··· Given records

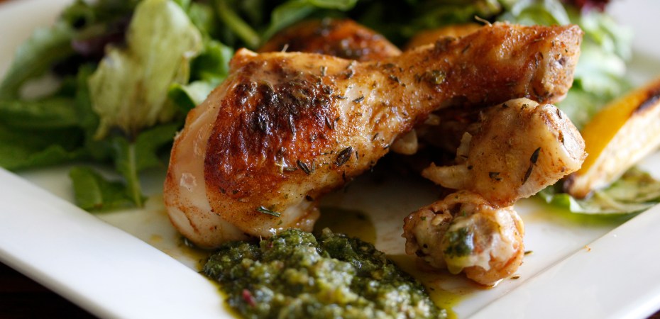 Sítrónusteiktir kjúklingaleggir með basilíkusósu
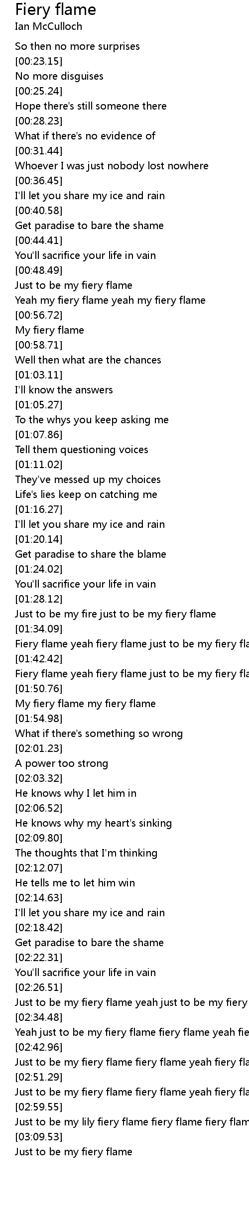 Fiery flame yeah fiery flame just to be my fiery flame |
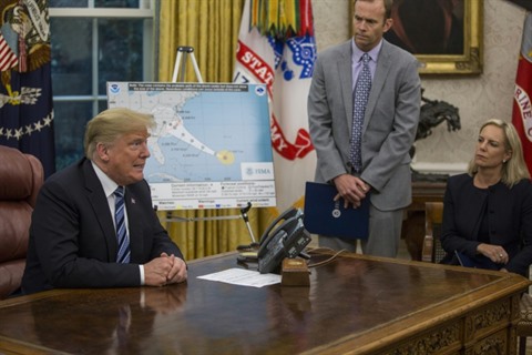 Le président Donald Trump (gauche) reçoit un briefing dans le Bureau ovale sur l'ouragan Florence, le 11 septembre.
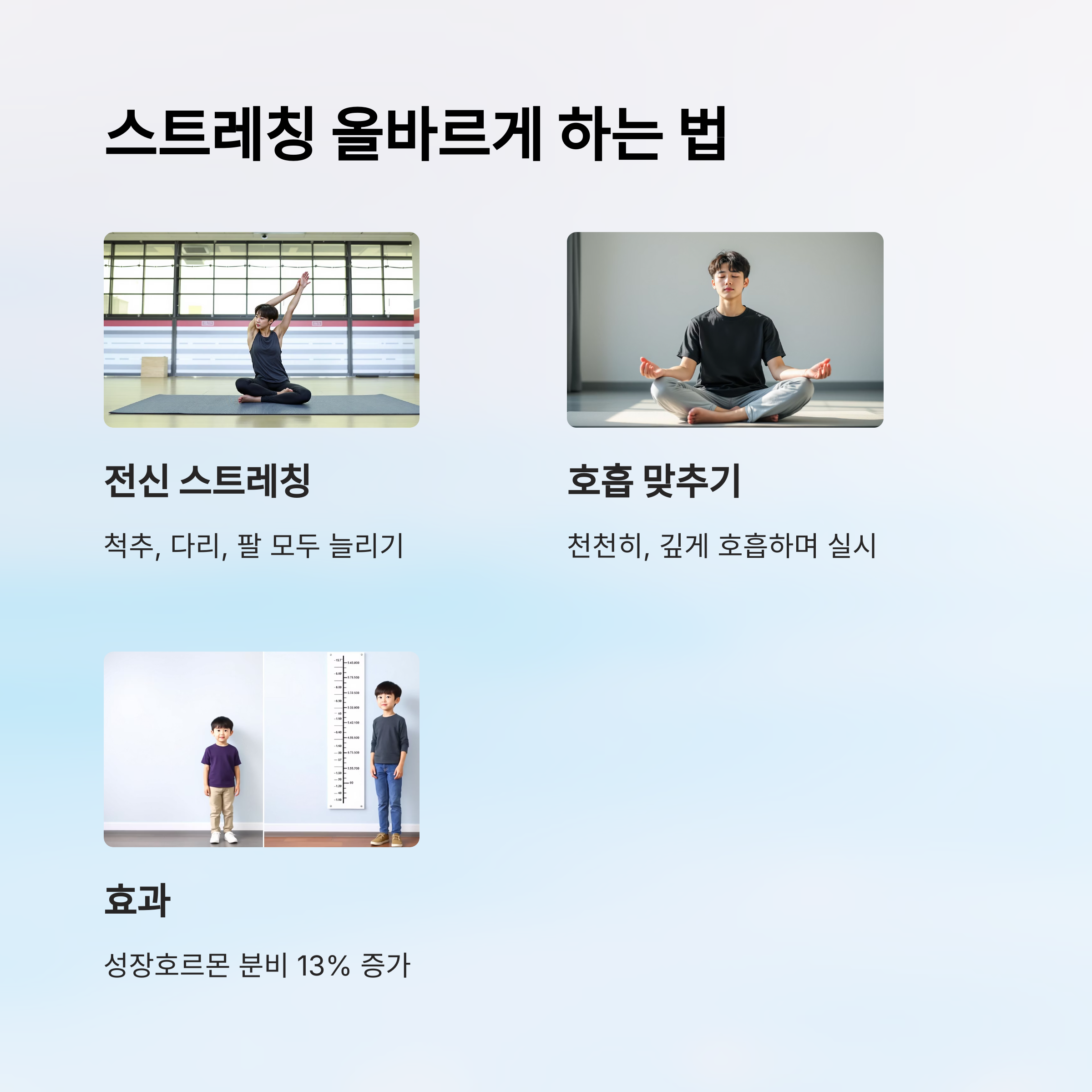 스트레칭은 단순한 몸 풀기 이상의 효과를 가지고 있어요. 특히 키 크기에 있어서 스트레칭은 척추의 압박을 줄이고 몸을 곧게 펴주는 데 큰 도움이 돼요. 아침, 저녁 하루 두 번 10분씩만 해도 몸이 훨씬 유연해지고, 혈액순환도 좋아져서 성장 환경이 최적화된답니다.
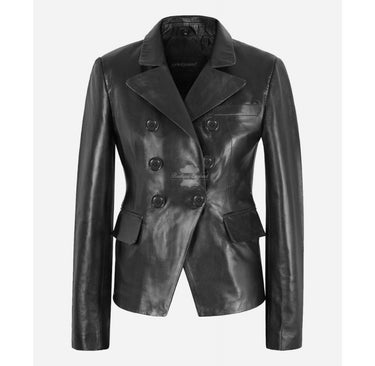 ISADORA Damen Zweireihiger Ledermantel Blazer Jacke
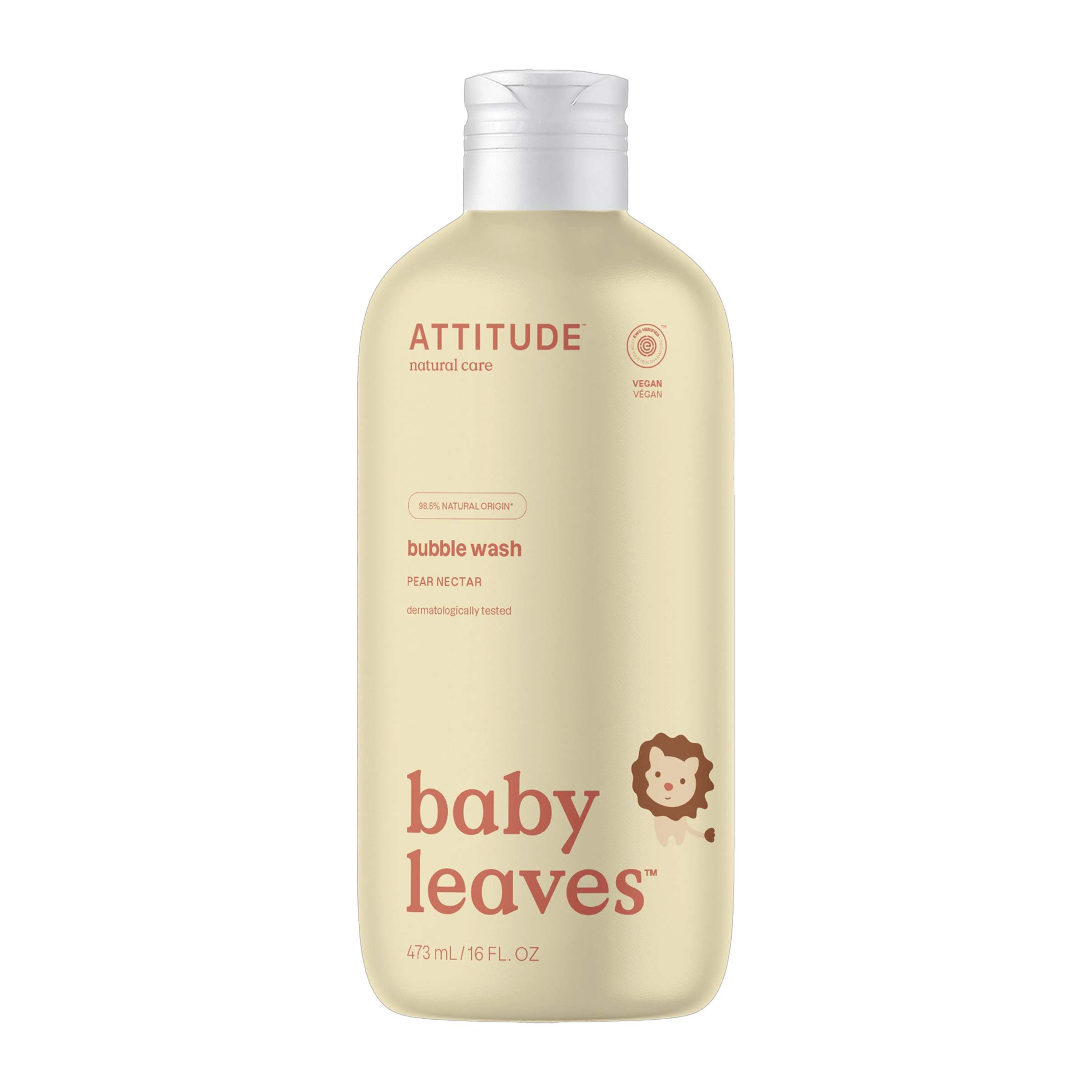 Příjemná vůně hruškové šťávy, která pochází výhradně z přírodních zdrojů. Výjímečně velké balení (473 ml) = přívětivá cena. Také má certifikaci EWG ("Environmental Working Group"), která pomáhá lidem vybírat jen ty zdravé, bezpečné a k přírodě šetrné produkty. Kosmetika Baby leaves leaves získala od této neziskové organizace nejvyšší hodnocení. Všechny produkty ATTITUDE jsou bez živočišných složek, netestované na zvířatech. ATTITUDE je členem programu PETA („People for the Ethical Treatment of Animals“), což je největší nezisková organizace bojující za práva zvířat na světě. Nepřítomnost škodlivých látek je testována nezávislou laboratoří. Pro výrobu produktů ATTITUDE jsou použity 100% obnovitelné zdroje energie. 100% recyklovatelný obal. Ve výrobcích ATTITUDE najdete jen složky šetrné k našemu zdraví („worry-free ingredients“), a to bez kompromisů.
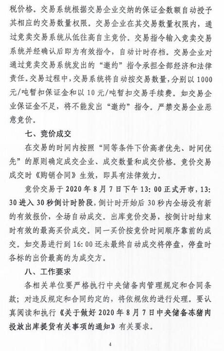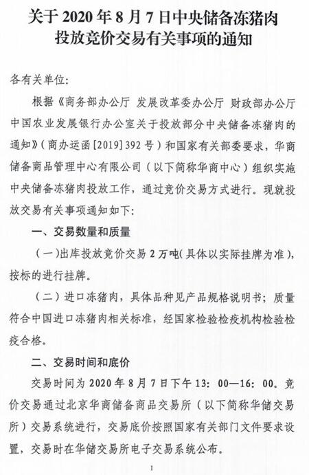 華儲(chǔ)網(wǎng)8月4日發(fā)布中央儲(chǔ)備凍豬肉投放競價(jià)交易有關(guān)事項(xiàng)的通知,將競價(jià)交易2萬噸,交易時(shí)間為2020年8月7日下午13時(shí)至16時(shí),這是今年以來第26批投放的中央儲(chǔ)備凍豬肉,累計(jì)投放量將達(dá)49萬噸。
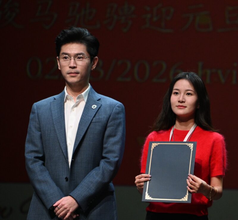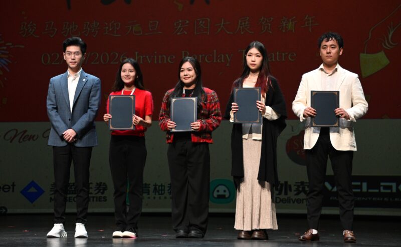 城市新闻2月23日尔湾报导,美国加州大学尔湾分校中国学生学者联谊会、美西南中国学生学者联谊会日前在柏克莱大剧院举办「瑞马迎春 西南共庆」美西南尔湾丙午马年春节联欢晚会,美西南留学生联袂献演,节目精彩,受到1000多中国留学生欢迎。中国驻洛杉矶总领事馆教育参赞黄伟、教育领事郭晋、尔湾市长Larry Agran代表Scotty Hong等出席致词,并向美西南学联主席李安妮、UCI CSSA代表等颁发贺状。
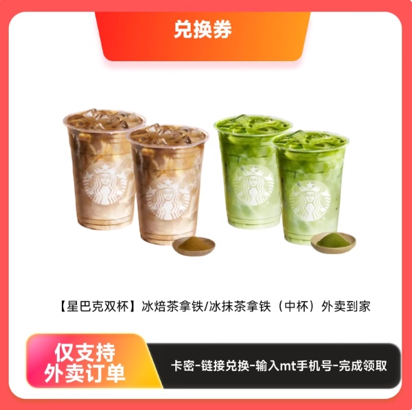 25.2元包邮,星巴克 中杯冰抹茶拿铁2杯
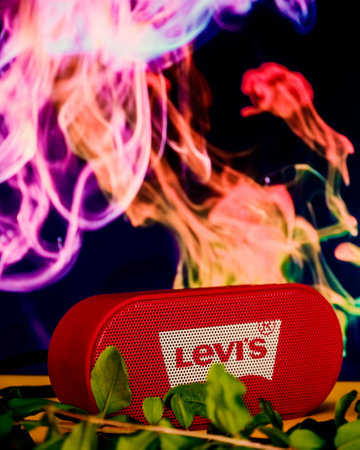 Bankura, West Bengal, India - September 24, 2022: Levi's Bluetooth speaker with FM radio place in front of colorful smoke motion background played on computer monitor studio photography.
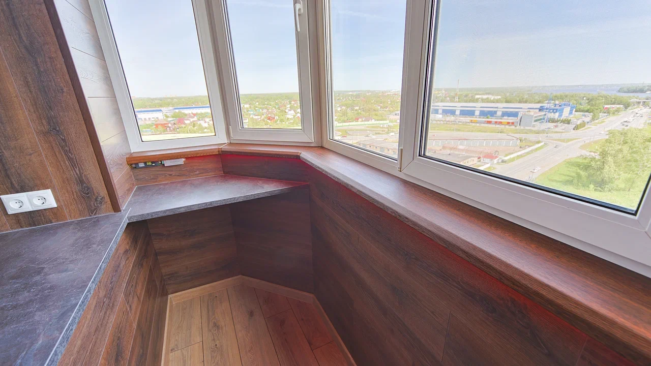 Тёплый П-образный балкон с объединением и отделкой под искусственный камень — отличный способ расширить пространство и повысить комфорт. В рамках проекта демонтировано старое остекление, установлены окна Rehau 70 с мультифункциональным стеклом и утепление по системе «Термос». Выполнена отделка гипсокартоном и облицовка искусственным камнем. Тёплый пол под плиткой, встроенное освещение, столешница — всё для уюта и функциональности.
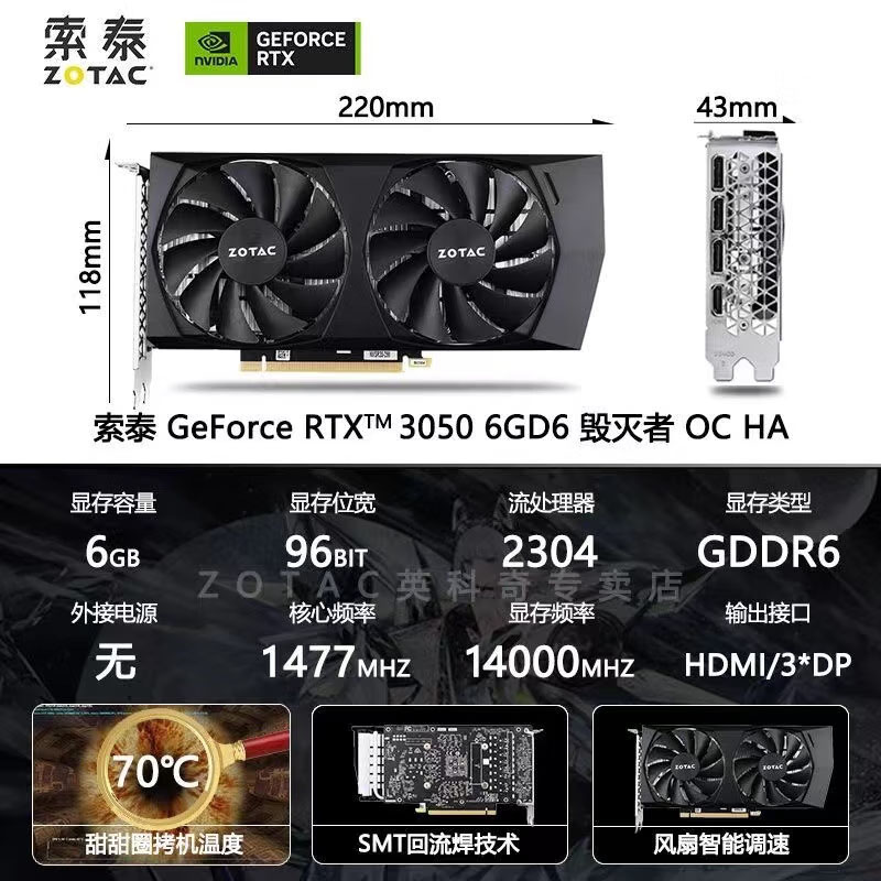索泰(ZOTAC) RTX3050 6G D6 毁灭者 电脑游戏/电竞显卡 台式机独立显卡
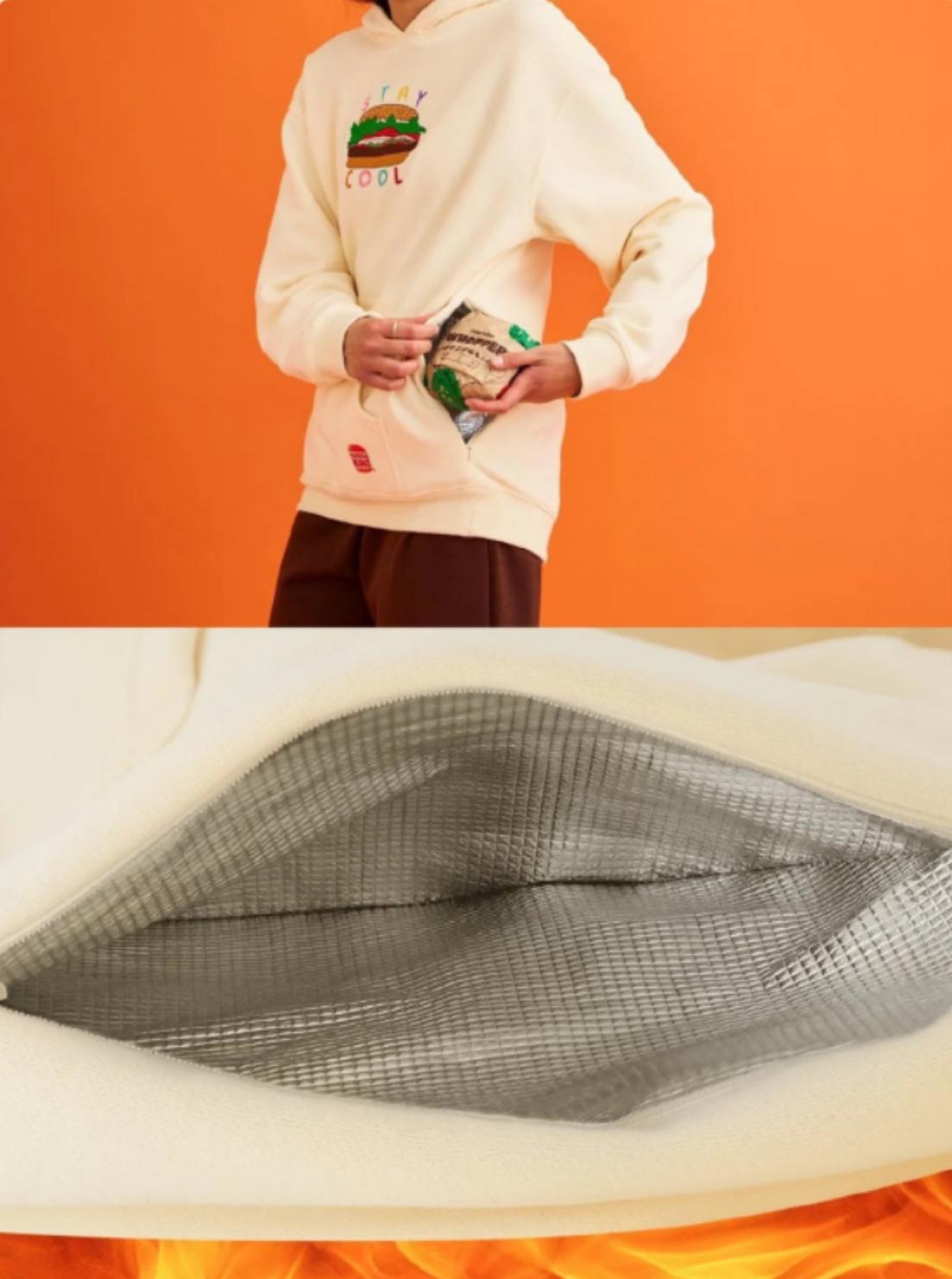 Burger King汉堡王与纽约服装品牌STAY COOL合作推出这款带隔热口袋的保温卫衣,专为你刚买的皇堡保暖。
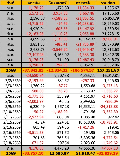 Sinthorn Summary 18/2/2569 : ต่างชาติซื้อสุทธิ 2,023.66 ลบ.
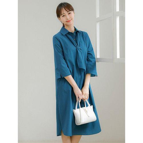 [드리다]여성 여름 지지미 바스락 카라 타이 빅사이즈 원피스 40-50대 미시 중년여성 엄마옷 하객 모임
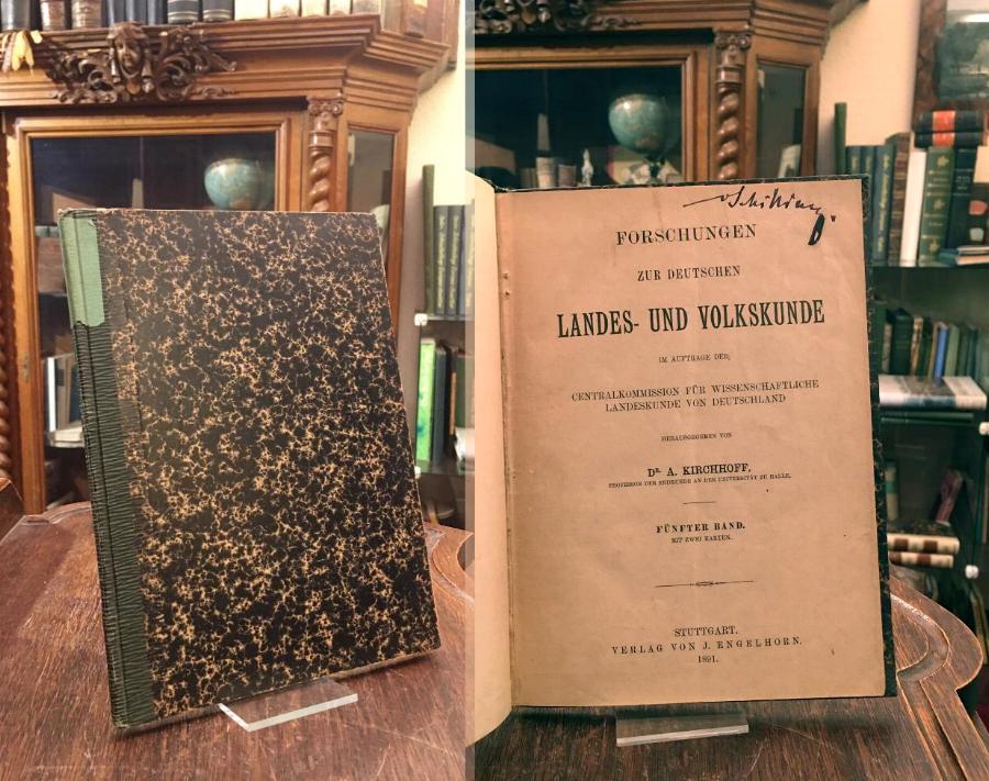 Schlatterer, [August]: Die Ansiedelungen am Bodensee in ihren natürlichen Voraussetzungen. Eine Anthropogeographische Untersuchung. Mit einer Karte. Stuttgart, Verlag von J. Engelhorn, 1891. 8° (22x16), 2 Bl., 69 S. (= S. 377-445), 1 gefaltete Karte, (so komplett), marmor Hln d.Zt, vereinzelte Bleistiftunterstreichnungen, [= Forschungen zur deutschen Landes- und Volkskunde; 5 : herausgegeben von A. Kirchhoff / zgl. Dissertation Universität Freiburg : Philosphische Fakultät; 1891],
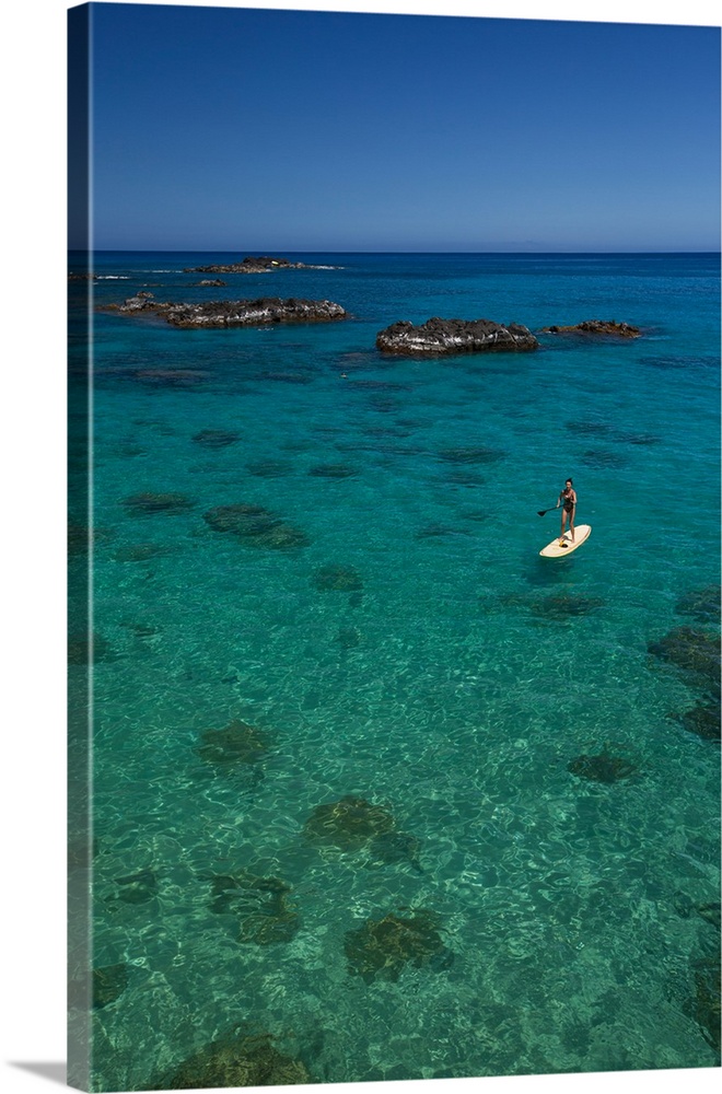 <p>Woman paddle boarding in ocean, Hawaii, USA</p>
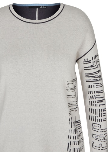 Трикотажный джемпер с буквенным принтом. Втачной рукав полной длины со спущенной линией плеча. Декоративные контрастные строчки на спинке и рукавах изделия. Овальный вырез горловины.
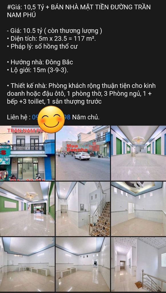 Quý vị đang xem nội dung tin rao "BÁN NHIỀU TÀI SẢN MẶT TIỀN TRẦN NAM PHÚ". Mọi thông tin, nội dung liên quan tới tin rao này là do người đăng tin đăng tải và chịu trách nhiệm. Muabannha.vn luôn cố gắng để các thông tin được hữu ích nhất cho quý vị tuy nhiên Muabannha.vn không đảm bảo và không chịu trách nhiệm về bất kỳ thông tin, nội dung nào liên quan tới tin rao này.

······

Pictures are not part of the copy. Output only the lines from the one with "Burger King汉堡王与纽约服装品牌STAY COOL合作推出这款带隔热口袋的保温卫衣,专为你刚买的皇堡保暖。" through the final line of the records, exactly as given.

__Written answer__
 Burger King汉堡王与纽约服装品牌STAY COOL合作推出这款带隔热口袋的保温卫衣,专为你刚买的皇堡保暖。
 Sinthorn Summary 18/2/2569 : ต่างชาติซื้อสุทธิ 2,023.66 ลบ.
 [드리다]여성 여름 지지미 바스락 카라 타이 빅사이즈 원피스 40-50대 미시 중년여성 엄마옷 하객 모임
 Schlatterer, [August]: Die Ansiedelungen am Bodensee in ihren natürlichen Voraussetzungen. Eine Anthropogeographische Untersuchung. Mit einer Karte. Stuttgart, Verlag von J. Engelhorn, 1891. 8° (22x16), 2 Bl., 69 S. (= S. 377-445), 1 gefaltete Karte, (so komplett), marmor Hln d.Zt, vereinzelte Bleistiftunterstreichnungen, [= Forschungen zur deutschen Landes- und Volkskunde; 5 : herausgegeben von A. Kirchhoff / zgl. Dissertation Universität Freiburg : Philosphische Fakultät; 1891],
 <p>Woman paddle boarding in ocean, Hawaii, USA</p>
 Трикотажный джемпер с буквенным принтом. Втачной рукав полной длины со спущенной линией плеча. Декоративные контрастные строчки на спинке и рукавах изделия. Овальный вырез горловины.
 Quý vị đang xem nội dung tin rao "BÁN NHIỀU TÀI SẢN MẶT TIỀN TRẦN NAM PHÚ". Mọi thông tin, nội dung liên quan tới tin rao này là do người đăng tin đăng tải và chịu trách nhiệm. Muabannha.vn luôn cố gắng để các thông tin được hữu ích nhất cho quý vị tuy nhiên Muabannha.vn không đảm bảo và không chịu trách nhiệm về bất kỳ thông tin, nội dung nào liên quan tới tin rao này.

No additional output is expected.